Most Efficient Way to Find All the Factors of a Number?

Question

Disclaimer: There are similar questions to this one on SO, however they all either don't address the efficiency of an algorithm or are written in a different language. See this answer which talks about efficiency in python and see if it helps you answer my question.

So I need the most efficient way to find all of the factors of any given number that works quickly with very large numbers. I already have several iterations of code that works but takes a very long time to process numbers with more than 6 characters.
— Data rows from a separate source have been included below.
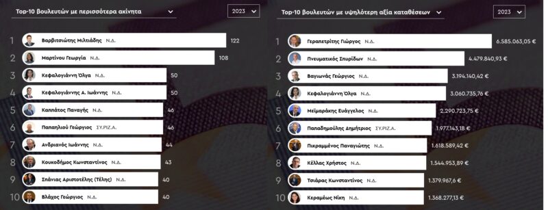 239 ακίνητα έχουν δηλωμένα, σύμφωνα με το πόθεν έσχες το 2023, μόνο 12 από τα δεκάδες μέλη της κυβέρνησης Μητσοτάκη! Και το ακόμα μεγαλύτερο ενδιαφέρον προκαλεί το γεγονός ότι ο συνολικός αριθμός ακινήτων των βουλευτών της ΝΔ αυξήθηκε κατά 460 ακίνητα από το 2019 έως το 2023! Έχει βέβαια ενδιαφέρον να δούμε πόσο και κυρίως […]
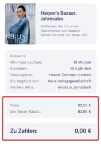 Richtig schöner Deal, bei das-beste-Abo bekommt ihr das Jahresabo Harper’s Bazaar KOMPLETT GRATIS (statt 82,50€) + selbstkündigend
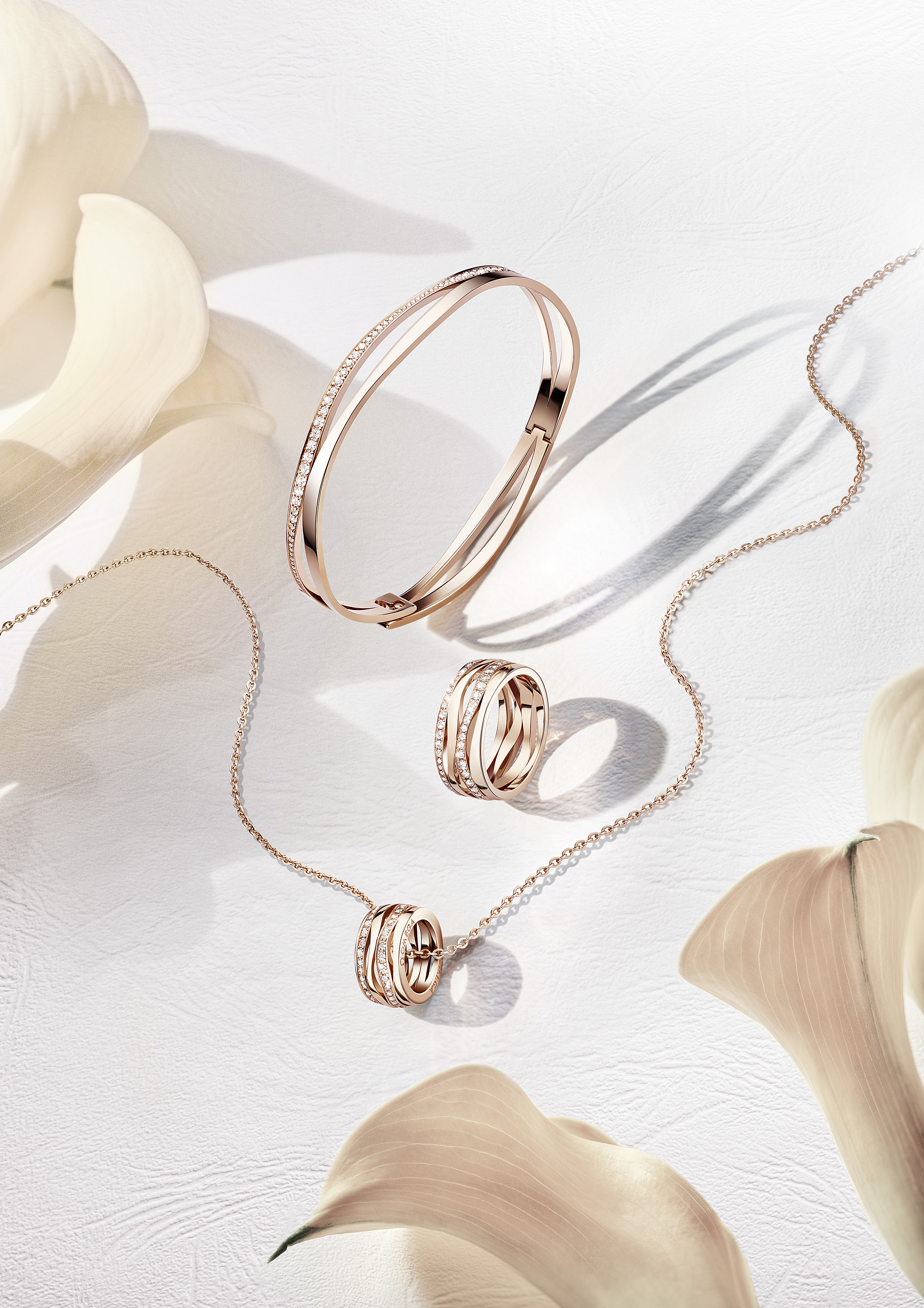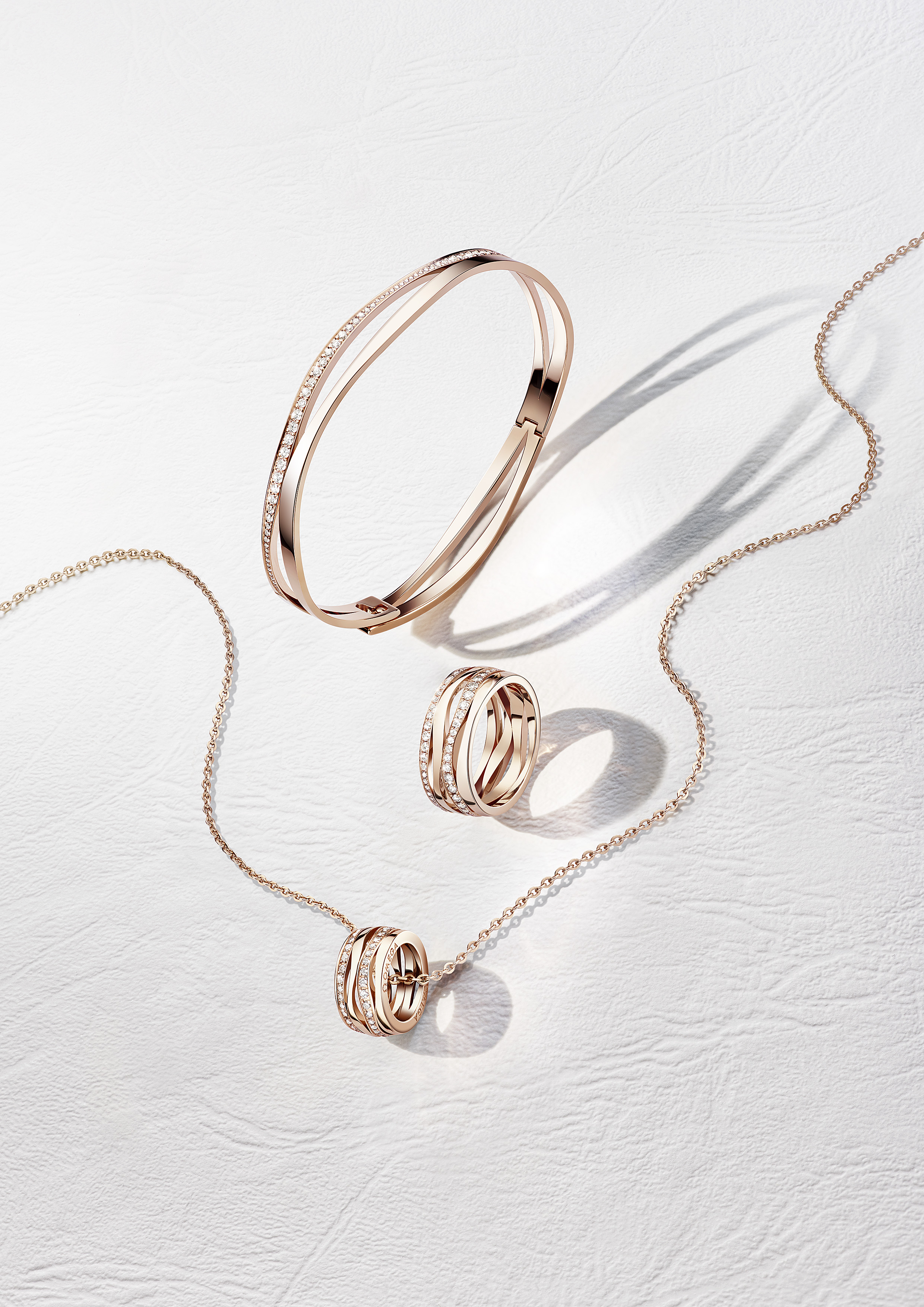 Présentées ici en or rouge, les pièces sont également disponibles en or jaune et blanc.

Edit: upon request here are some of my non-efficient ways of doing this (error-checking left out for clarity)

Really messy:

    @IBAction func findFactorsButton(_ sender: AnyObject) {
    if let _ = textField.text, !textField.text!.isEmpty {
        counter = 1
        factors = []
        repeat {
            counter += 1
            if Int(textField.text!)! % counter == 0 {
                factors.append(String(counter))
            } else {
                continue
            }
        } while counter != Int(textField.text!)
        factors.removeLast()
        outputLabel.text = factors.joined(separator: ", ")

    } else {
        outputLabel.text = ""
    }
}

Less messy solution (playground):

func calculateFactors(n: Int) -> String {
    var result: String = ""
    for i in 1...n {
        guard n % i == 0  else {continue}
        result += i == 1 ? "1" : ", \(i)"
    }
    print(result)
    return result
}

Answer 1

Most Python methods in the referenced Q&A What is the most efficient way of finding all the factors of a number in Python? use the fact that factors of n come in pairs: if i is a factor then n/i is another factor. Therefore it is sufficient to test factors up to the square root of the given number.
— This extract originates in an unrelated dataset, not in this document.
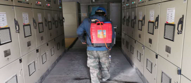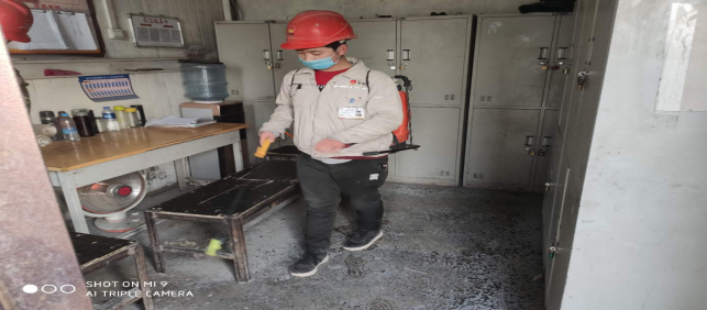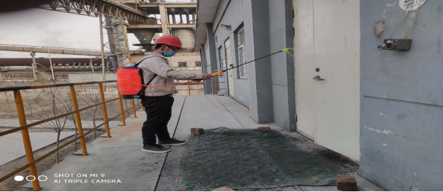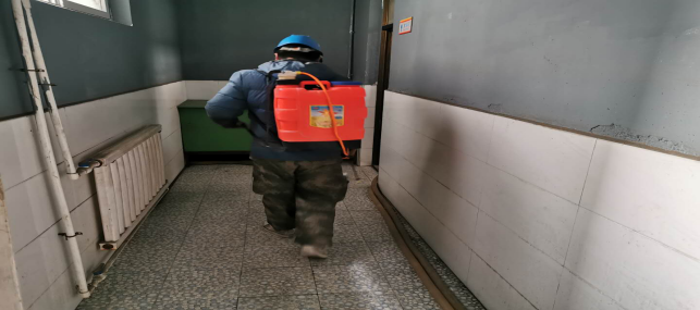 對廠區衛生間消毒。
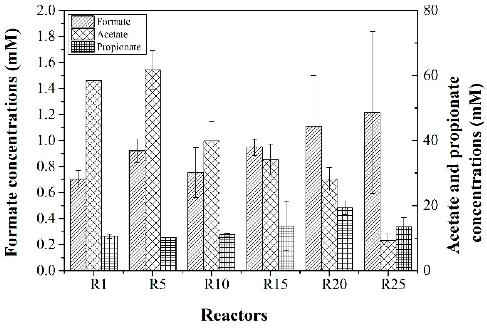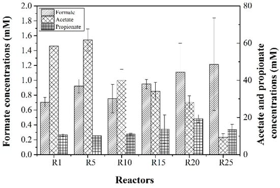 The formate, acetate, and propionate concentrations at the end of the 40-day anaerobic digestion. Data represent the means of six replicates, with error bars representing the standard deviation of the mean.

Here is a possible implementation in Swift:

func factors(of n: Int) -> [Int] {
    precondition(n > 0, "n must be positive")
    let sqrtn = Int(Double(n).squareRoot())
    var factors: [Int] = []
    factors.reserveCapacity(2 * sqrtn)
    for i in 1...sqrtn {
        if n % i == 0 {
            factors.append(i)
        }
    }
    var j = factors.count - 1
    if factors[j] * factors[j] == n {
        j -= 1
    }
    while j >= 0 {
        factors.append(n / factors[j])
        j -= 1
    }
    return factors
}

Remarks:

• reserveCapacity is used to avoid array reallocations.
• All factors in the range 1...sqrtn are determined first, then the corresponding factors n/i are appended in reverse order, so that all factors are in increasing order.
• Special care must be taken that for perfect squares, sqrt(n) is not listed twice.

For numbers with up to 8 decimal digits, at most 9,999 trial divisions are needed. Example (on a 1.2 GHz Intel Core m5 MacBook, compiled in Release mode):

let start = Date()
let f = factors(of: 99999999)
print("Time:", Date().timeIntervalSince(start) * 1000, "ms")
print("Factors:", f)

Output:

Time: 0.227034091949463 ms
Factors: [1, 3, 9, 11, 33, 73, 99, 101, 137, 219, 303, 411, 657, 803, 909, 1111, 1233, 1507, 2409, 3333, 4521, 7227, 7373, 9999, 10001, 13563, 13837, 22119, 30003, 41511, 66357, 81103, 90009, 110011, 124533, 152207, 243309, 330033, 456621, 729927, 990099, 1010101, 1369863, 3030303, 9090909, 11111111, 33333333, 99999999]

Answer 2

It all depends on your numbers. Here is a great summary:

"How big are your numbers?" determines the method to use:

• Less than 2^16 or so: Lookup table.
• Less than 2^70 or so: Sieve of Atkin. This is an optimized version of the more well known Sieve of Eratosthenes. Edit: Richard Brent's modification of Pollard's rho algorithm may be better in this case.
• Less than 10^50: Lenstra elliptic curve factorization
• Less than 10^100: Quadratic Sieve
• More than 10^100: General Number Field Sieve

So it all becomes a matter of picking algorithms and implementing them in Swift. Since you're saying you need numbers with "6 characters" that implies they are around 2^17 or so. So it's option 2 in that list: Sieve of Atkin or the modification of Pollard's rho.